須藤氏の擁立が明らかになると、「国民民主党は非科学に振れるのか」といった批判が一部で起こり始めました。これに対し、党と須藤氏は「確認書」を交わし、須藤氏は5月14日に自身のX(旧Twitter)で《党として決定した事項に反する行動は取りません》と明言しました。彼はかつて否定的だった原発活用について、《「安全性を確保した上での活用」は必要》と考えを改めたとし、ワクチンに関しても《ワクチンの重症化予防効果等を含めて科学的根拠を否定する立場ではありません》と主張し、いわゆる“反ワクチン”の立場ではないことを強調しました。

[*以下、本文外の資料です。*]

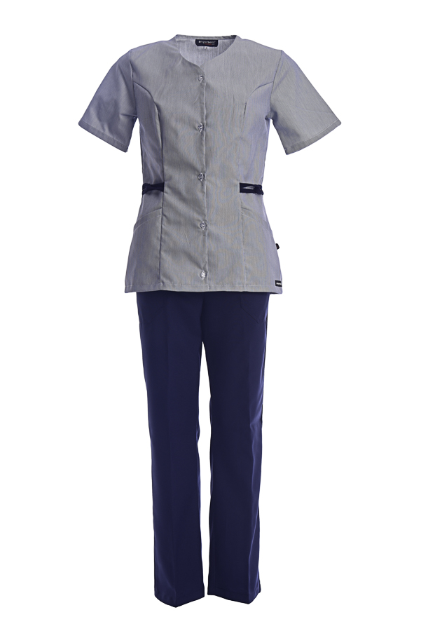 Conjunto liso con botones, tiritas azules al frente, 2 bolsas laterales, cordones ajustables en la espalda. Pantalon jareta ajustable con elastico y 2 bolsas delanteras. 100% Poliester. Linea Ampersand
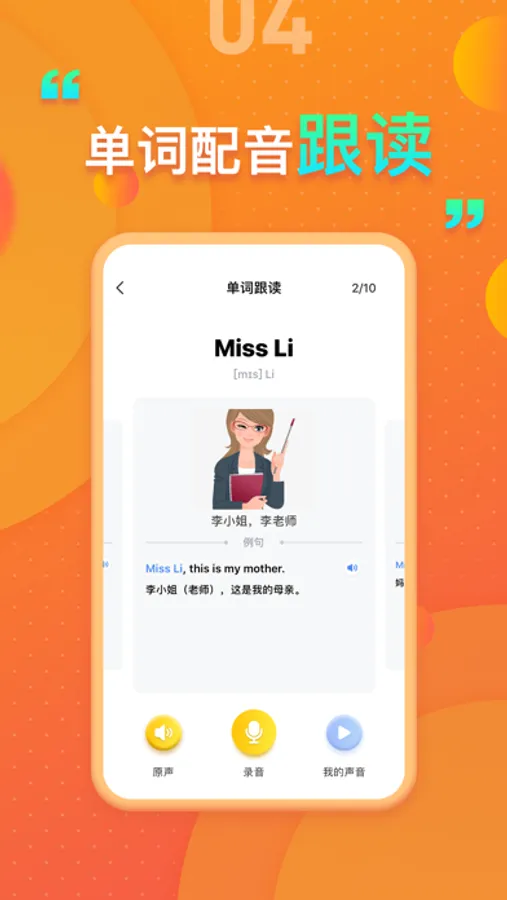 【单词跟读】:完整的单词和短语,配有图片和例句,还可跟读录音,听自己的发单是否标准;

国民民主党からの参院選候補予定者である須藤元気氏が自転車で街頭活動を行う姿国民民主党からの参院選候補予定者である須藤元気氏が自転車で街頭活動を行う姿

しかしながら、確認書にサインした後も、ワクチンに関する須藤氏の過去の投稿の一部が削除されずに残っているため、一部からは須藤氏の擁立を巡って、「本当に政策が一致しているのか」「公認を受けるためにサインしただけではないか」といった根強い批判が続いています。

選挙を前に問われる党の姿勢

国民民主党は、山尾氏の公認取り消しという大きな波乱を経て、榛葉幹事長が「心機一転」を掲げるものの、須藤氏を巡る懸念も完全に払拭されたわけではありません。玉木代表は10日の定例会見で、須藤氏も近く会見を開く予定があることに言及しており、この会見が須藤氏と党にとっての新たな正念場となるでしょう。相次ぐ候補者の問題は、来る都議選や参院選を戦う上で、国民民主党の信頼性や候補者選定プロセスの適切さが改めて問われる事態となっています。